To do:
Among the lines of data below, reproduce only those from the one with "мая 2015 года." through the one with "Проверка домашнего задания", exactly as they stand, both ends included.

Recorded data:
---*---

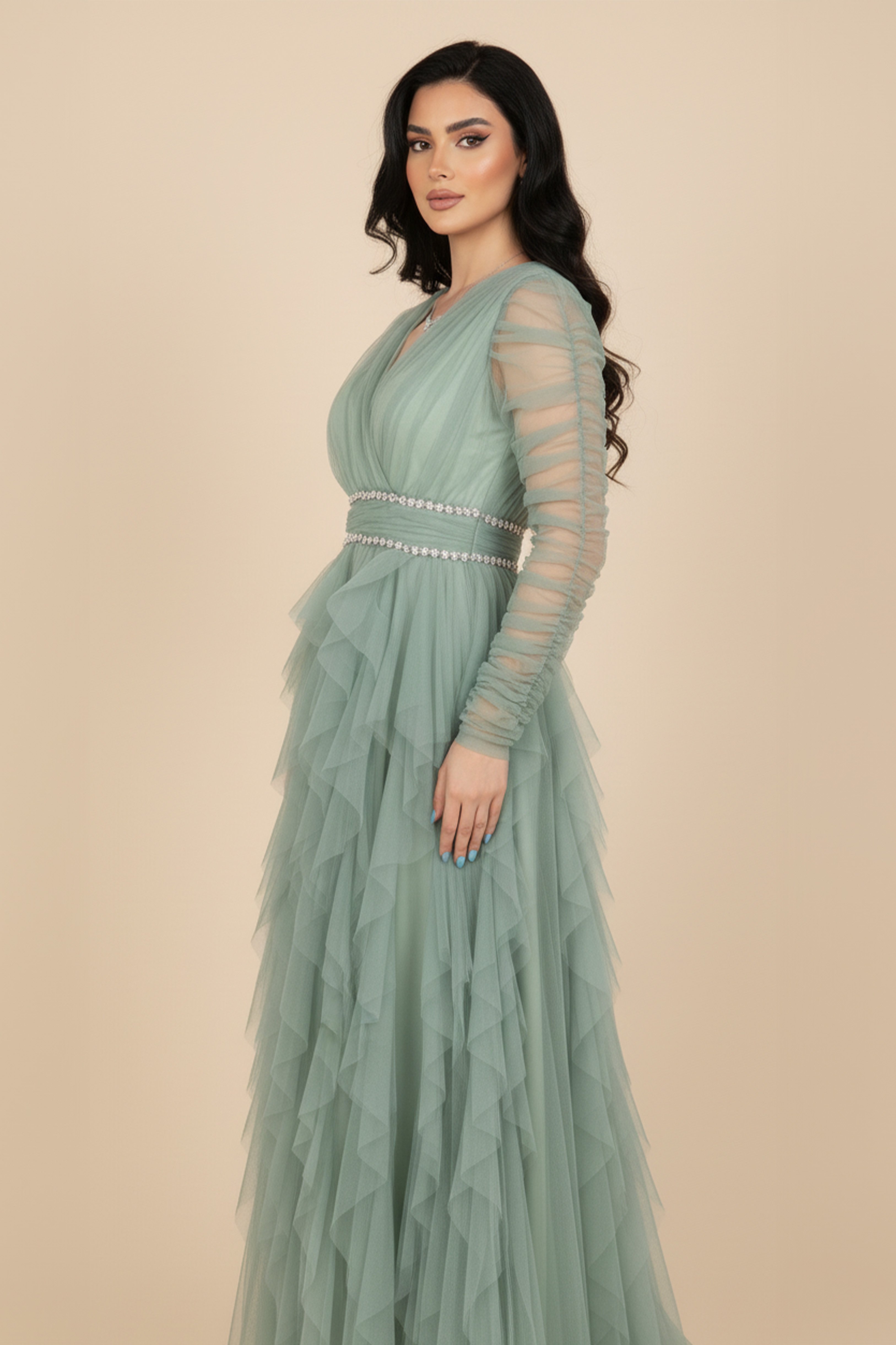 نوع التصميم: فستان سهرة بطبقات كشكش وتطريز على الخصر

---*---

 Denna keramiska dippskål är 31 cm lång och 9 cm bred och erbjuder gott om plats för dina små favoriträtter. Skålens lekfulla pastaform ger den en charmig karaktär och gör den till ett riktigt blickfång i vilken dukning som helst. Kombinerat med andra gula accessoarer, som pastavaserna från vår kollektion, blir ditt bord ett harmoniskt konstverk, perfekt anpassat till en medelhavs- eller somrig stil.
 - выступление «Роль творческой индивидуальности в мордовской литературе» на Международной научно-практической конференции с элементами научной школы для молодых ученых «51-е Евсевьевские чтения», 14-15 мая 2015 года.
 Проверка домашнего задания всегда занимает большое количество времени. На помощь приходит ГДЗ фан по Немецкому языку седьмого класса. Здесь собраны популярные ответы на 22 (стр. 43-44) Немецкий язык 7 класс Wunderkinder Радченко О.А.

---*---

Solution to the exercise:
 - выступление «Роль творческой индивидуальности в мордовской литературе» на Международной научно-практической конференции с элементами научной школы для молодых ученых «51-е Евсевьевские чтения», 14-15 мая 2015 года.
 Проверка домашнего задания всегда занимает большое количество времени. На помощь приходит ГДЗ фан по Немецкому языку седьмого класса. Здесь собраны популярные ответы на 22 (стр. 43-44) Немецкий язык 7 класс Wunderkinder Радченко О.А.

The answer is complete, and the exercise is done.